A NetApp storage system has a snapshot that cannot be deleted. I'm trying to delete this snapshot either because I need to free space on my storage system, or else my DPXcondense is failing on RC=16 on 'unable to delete snapshot' message. The error message I get refers to the snapshot being LUN busy, or busy with a LUN clone operation. I have already destroyed all system LUN's but the issue persists.

Resolution

The LUN-Busy condition is not a bug with DPX. LUN-Busy is the expected behavior of a NetApp storage system with regard to iSCSI LUN's and preserving point-in-time snapshot state. iSCSI mapping to snapshot data is a feature provided as a data recovery resource, and is not intended to support long lasting enterprise iSCSI SAN needs.

Short answer:

This LUN-Busy condition with a snapshot exists when a logical unit (LUN) is created on the storage system to use Instant Availability (IA) to iSCSI map a drive. The LUN-Busy snapshot becomes un-deletable if the iSCSI drive is mapped and busy and then another snapshot is taken of the volume.

All snapshots that are involved with the undeletable LUN-Busy snapshot must be deleted first before the busy snapshot can be removed.

 

Explanation:

The IA feature of DPX is supported through an iSCSI option that is a licensed component of your NetApp storage system.

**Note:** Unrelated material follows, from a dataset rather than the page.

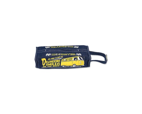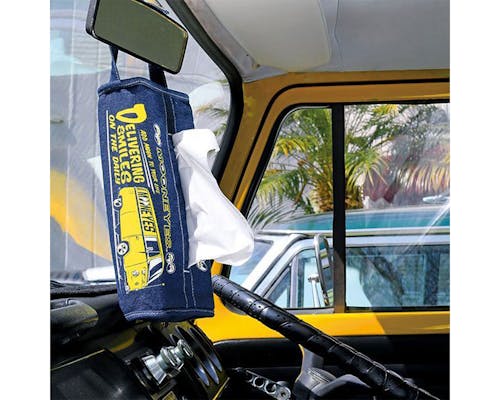 市販のティッシュ BOX にかぶせて使う デニム地のティッシュカバーです。 使い方は簡単、ティッシュ BOX にかぶせてベルクロを止めるだけ! Yellow Color の VW Type-II と "ADD MOON TO YOUR LIFE"、 "DELIVERING SMILES ON THE DAILY"のメッセージをプリントしました。 車内に置かれた味気ないティッシュもこれを被せれば解決!! ループ部分はマジックテープになっているので、車のヘッドレストにつけることもできます。 ドアノブにかけたり、フックなどを利用して壁に掛けて使っても OK! 側面は、両面同プリントになります。 |

A snapshot on a storage system is an immutable read-only resource representing a point-in-time file system view. When an IA map is initiated and backed by data contained in a snapshot, the storage system creates a separate set of data structures that keep track of change (write) activities. This data structure lives on the volume with the read-only snapshot data, and together these are used to present to the iSCSI initiator host a virtual read/write block device (the IA map drive data from the snapshot/backup requested). Usually when the IA map is disconnected and the LUN destroyed on the storage system, these writable data structures are removed and the read-only data in the snapshot remains unchanged.

The issue of an undeletable snapshot stuck in the LUN-Busy state comes about when an IA map (iSCSI) is created on a storage system, some block-level change activity takes place on the iSCSI device, and then another snapshot on that volume is taken while the IA map is still connected. The snapshot can either be the result of a manual snapshot specified by the ONTAP web GUI, a snapshot taken from the ONTAP command line interface, an ONTAP scheduled snapshot, or when DPX completes a new Snapvault backup and triggers a snapshot on the storage system volume. This new snapshot preserves all known file system state at that point in time, including the status of snapshots made busy due to iSCSI transactions. The side effect of this is that each snapshot taken while the iSCSI device is mounted holds a reference to these LUN data structures. This condition persists even when all LUNs have been destroyed and removed from the storage system.

If you see that a snapshot is in the LUN-Busy state, you can find out what snapshots are involved with keeping it busy by using the following command from the ONTAP command line interface:

lun snap usage<volume> <snapshot>

Where <volume> is the name of the volume your backups are going to, and <snapshot> is the name of the snapshot in LUN-Busy state.

The lun snap usage command usually lists snapshots in the order in which they need to be deleted so that the snapshot defined in the <snapshot> parameter above can be removed. Start from the top and work your way down.

If a LUN currently exists which is causing your snapshot to be busy, the lun snap usage command will also display this for you under the title of Active. However, it will not automatically display all the LUNs in all of the involved snapshots if more than one active LUN exists. To see the LUNs that are active on your storage system, use the following command:

lun show

This lists all of the LUNs active on your filer. Look for all of the LUNs that are defined and active for your affected volume, and destroy these LUNs using BEX GUI, or the 'lun destroy' function from the OnTap FilerView application or OnTap command line interface.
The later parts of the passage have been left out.